We turn and make our way back up O'Connell Street and I know people are admiring me in my GI uniform till some call out, Jesus, is that you, Frankie McCourt? and the whole world knows I'm not a real American GI, that I'm just someone from the back lanes of Limerick all togged out in the American uniform with the corporal's stripes.
My mother is coming down the street all smiles. The new house will have electricity and gas tomorrow and we can move in. Aunt Aggie sent word she heard I'd arrived and she wants us to come over for tea. She's waiting for us now.
Aunt Aggie is all smiles, too. It's not like the old days when there was nothing in her face but bitterness over not having children of her own and even if there was bitterness she was the one who made sure I had decent clothes for my first job. I think she's impressed with my uniform and my corporal's stripes the way she keeps asking if I'd like more tea, more ham, more cheese. She's not that generous with Michael and Alphie and you can see it's up to my mother to make sure they have enough. They're too shy to ask for more or they're afraid. They know she has a fierce temper from not having children of her own.

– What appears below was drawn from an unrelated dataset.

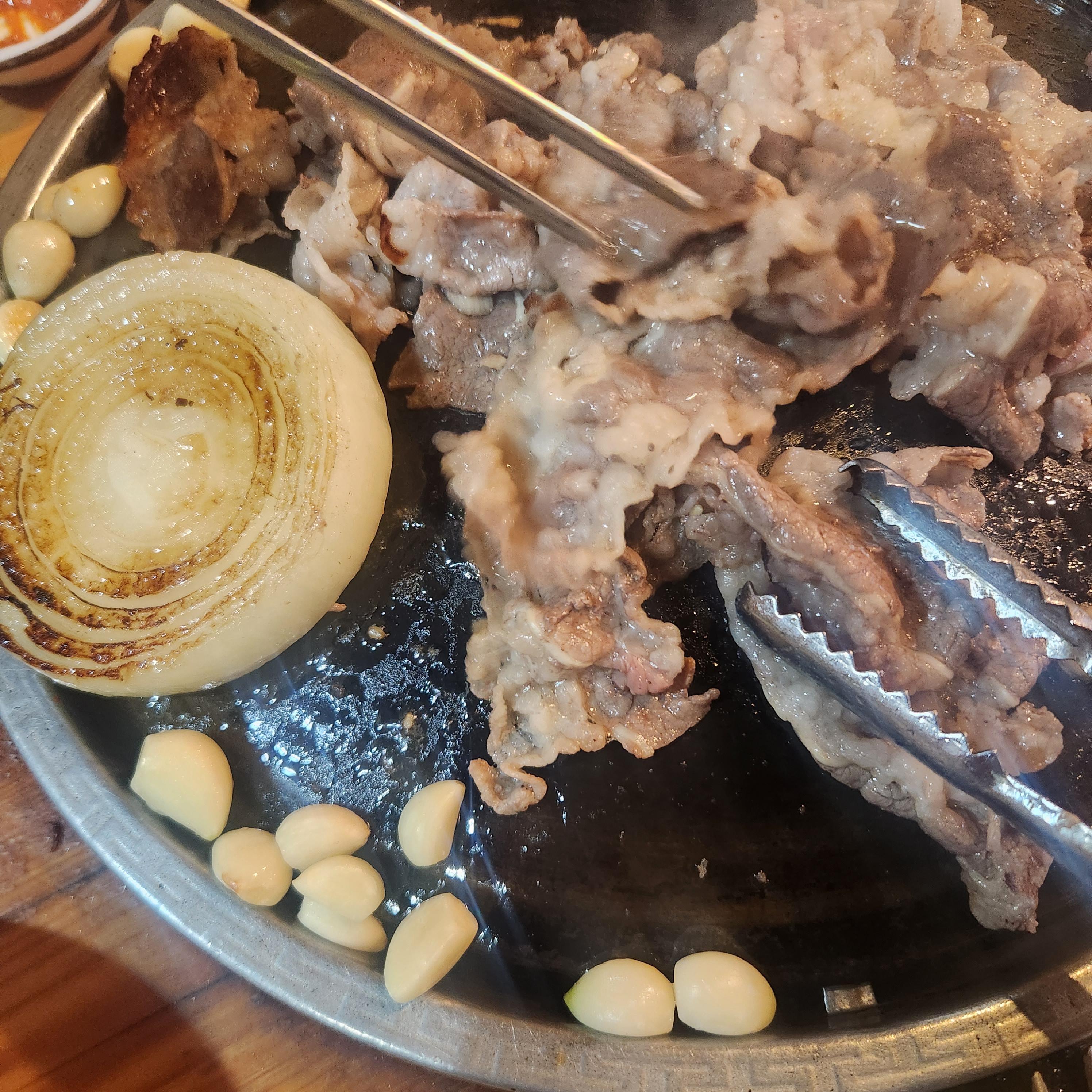 이 집만의 시그니처 불판에 갈비살들이 구워지는 소리와 모습을 보니 황홀했습니다.

Her husband, Uncle Pa Keating, doesn't sit at the table at all. He's over by the coal range with a mug of tea and all he does is smoke cigarettes and cough till he's weak, clutching at himself and laughing, These feckin' fags will kill me in the end.
My mother says, You should give 'em up, Pa, and he says, And if I did, Angela, what would I do with myself? Would I sit here with my tea and stare at the fire?
She says, They'll kill you, Pa.
And if they do, Angela, I won't give a fiddler's fart.
That's the part of Uncle Pa I always loved, the way he doesn't give a fiddler's fart about anything. If I could be like him I'd be free though I wouldn't want his lungs the way they were destroyed by German gas in the Great War, then years working in the Limerick Gas Works and now fags by the fireplace. I'm sad he's sitting there killing himself when he's the only man who ever told the truth. He's the one that told me don't get caught taking tests for the post office when I could save my money and go to America. You could never imagine Uncle Pa telling a lie. It would kill him faster than gas or the fags.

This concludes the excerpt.